Best practices in setting up an operation in the Philippines with Staff Leasing
Planning to set up a team in the Philippines? An alternative model to traditional outsourcing – “staff leasing” – is surging in popularity. Find out how leasing works and the keys to making it a success.
Outsourcing business services offshore is now a familiar model to most Australian businesses, as they look to drive competitive advantage, expand, and gain access to a large English-speaking skilled labour pool at less than half the price of an onshore workforce. What’s new, however, is the engagement models between clients and offshore vendors. The engagement model that is growing exponentially, particularly among small to mid-size businesses, is Staff Leasing. This is also known as “co-sourcing.”
What is Staff Leasing?
Staff Leasing is the model of choice for companies that don’t want to cede control and management of their offshore team to a third party. The offshore team reports directly into the Australian business, and the third party simply provides office space, computer workstation, recruitment, HR, payroll, and support services. Other services are generally available a la carte menu style.
Under this model of offshoring, businesses can get the best of both worlds – the ability to remain in complete control of their business process, while also partnering with an experienced specialist in a low-cost, yet highly skilled labour market.

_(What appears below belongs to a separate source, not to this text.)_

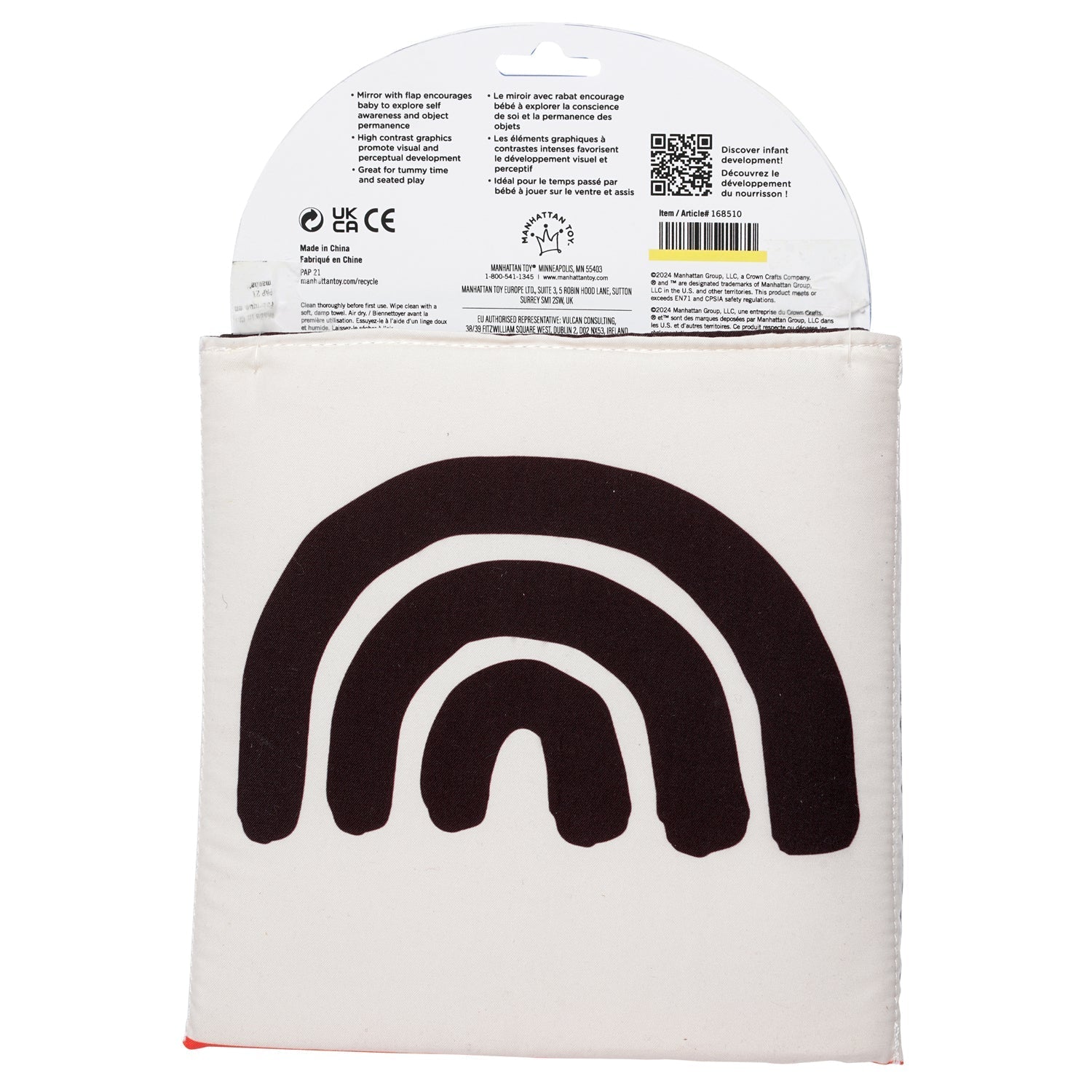 Peek-a-boo mirror play, perfectly sized for travel. A foam structure wrapped in soft fabrics and covered in high-contrast black-and-white graphics. Open the flaps to reveal a crinkle-fabric bear with a baby-safe mirror hidden underneath. Plus, the mirror is removable, for easy washing.

Importantly, this approach in the Philippines is estimated to be around 70% less than comparable onshore operations, with no additional Capex or Opex driven to the bottom line.
It’s just like having another division of your business, but instead of being in your building, they are based overseas.
What are the best practices and traits of success in Staff Leasing?
Companies that succeed in establishing a rewarding Philippines outsourcing operation typically follow these guiding principles:
- Over-invest in the beginning. The overall savings are significant so over-invest in the beginning and commit time and resources to getting your Philippines team off to a solid start. Establish clearly defined and transferable workflow, set clear objectives, apply selection rigour, train the staff on the ground, get to know your people and the Filipino culture.
- Start with easy processes. Businesses that commence offshoring operations often test the waters with basic non-core functions, and move on to complex or more specialised work once they achieve their desired results. This staged approach reduces risk and builds confidence and know-how in the team.
- Actively participate during the initial stages. Make it a point to either visit the leasing provider in person, or if travel is not possible, via Zoom meetings. Assist in or facilitate training, and collaborate with the local staff to establish clear processes and KPIs to ensure accountability.
- Prioritise the skills of candidates, rather than negotiating the wages. Engage a provider that will help you achieve your goals by creating job profiles that reflect the skillsets you need, and appeal to the local market. Paying someone $100 more a month is a big deal in the Philippines and will enable you to attract and retain higher qualified candidates.
- Openly communicate with your provider. Businesses who establish a sound relationship and work closely with their provider’s management and staff are more likely to succeed.
- Implement performance drivers and retention programs. Performance drivers and retention programs should be established to motivate the offshore team, give credit where it is due, and reward results.
- Treat the offshore team as an extension of the local operation. Explain to local staff that the offshore team is not a replacement, rather an extension of the local operations.
Offshoring is not just for large scale businesses any more – there are multiple models that can suit almost any business. Staff Leasing is the perfect middle ground for businesses that are looking to expand operations in the Philippines yet leverage the vendor’s expertise, resources, corporate infrastructure and assets for up to 30% of the cost of building a team onshore.